Sr. Documentation Specialist

Mentor Technical Group (MTG) provides a comprehensive portfolio of technical support and solutions for the FDA-regulated industry. As a world leader in life science engineering and technical solutions, MTG has the knowledge and experience to ensure compliance with pharmaceutical, biotechnology, and medical device safety and efficacy guidelines. With offices in Caguas, Puerto Rico, and Boston, United States, we serve life sciences clients in six global markets: United States, Puerto Rico, Dominican Republic, Mexico, Germany, Canada, and South America.

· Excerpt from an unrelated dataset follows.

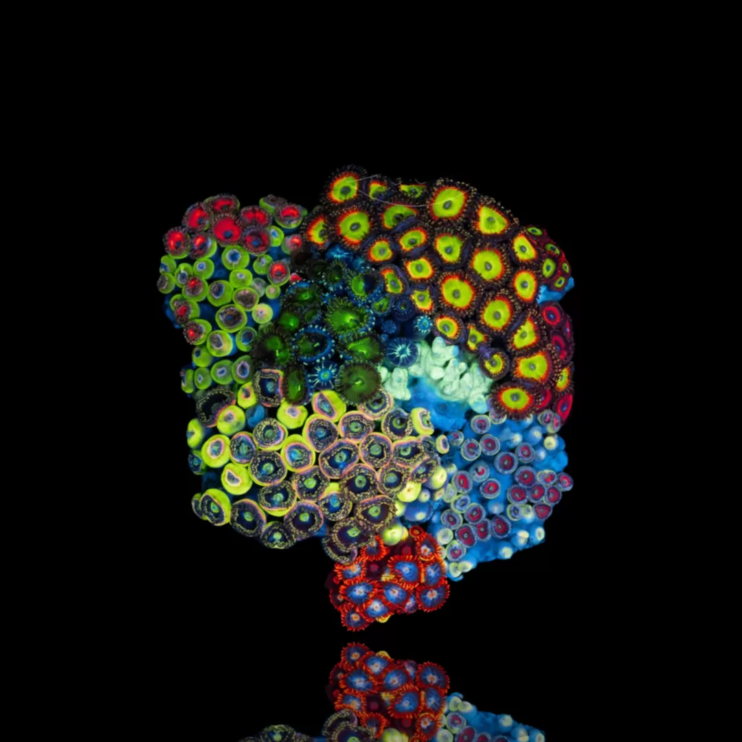 - Kleurrijke mix: Deze Zoanthus-soort bevat een variatie aan kleuren, zoals rood, groen, oranje en blauw.

• Perform assigned functions under direct supervision, ensuring accuracy and compliance with established procedures.
• Execute documentation-related activities according to project assignments, client requirements, and in compliance with cGMP and safety procedures.
• Provide technical support and guidance to ensure operational activities comply with corporate and regulatory policies in a cost-effective and timely manner.
• Prepare, review, and maintain all documentation required by the direct supervisor.
• Review and update Standard Operating Procedures (SOPs), Work Instructions (WIs), and forms to ensure compliance with regulatory standards.
• Ensure all work performed aligns with site objectives and meets client expectations and satisfaction.
• Support training and coaching of Mentor Technical Group personnel, when required, to ensure proper knowledge and effective performance of duties.
• Demonstrate strong customer-oriented behavior by understanding client needs, anticipating potential challenges, and communicating risks proactively.
• Ensure the quality of deliverables provided to clients by maintaining accuracy and compliance in all work products.
• Maintain professional relationships with MTG clients, fostering open communication, trust, and a high level of professionalism.
• Ensure high-quality service delivery by reviewing completed work, monitoring project status, incorporating client feedback, and verifying alignment with requirements.
• Maintain a proactive approach to identifying and supporting new business opportunities.
• Communicate issues to management promptly and provide recommendations for continuous improvement.
• Participate in identifying project opportunities by contributing technical expertise for both client and MTG benefit.
• Comply with MTG administrative requirements, including timesheets, CV updates, certifications, and attendance policies.
• Stay updated with current industry trends and regulatory changes applicable to validation and compliance within the pharmaceutical, biotechnology, food & beverage, cosmetics, and healthcare industries.
• Perform other duties as assigned by supervisor, management, or client.

• Bachelor’s degree in Engineering, Science, or a related technical field.
• Experience in regulated industries such as pharmaceutical, biotechnology, medical devices, or similar environments is preferred.
• Knowledge of cGMP, FDA regulations, and quality systems.
• Strong understanding of documentation practices including SOP revisions, work instructions, and technical reports.
• Ability to provide technical support and ensure compliance with corporate and regulatory requirements.
• Strong analytical, problem-solving, and organizational skills.
• Excellent written and verbal communication skills.
• Customer-focused mindset with the ability to build and maintain professional relationships.
• Ability to work effectively under supervision and within multidisciplinary teams.
• Proficiency in Microsoft Office and documentation management systems is a plus.
• Bilingual (English/Spanish) is preferred.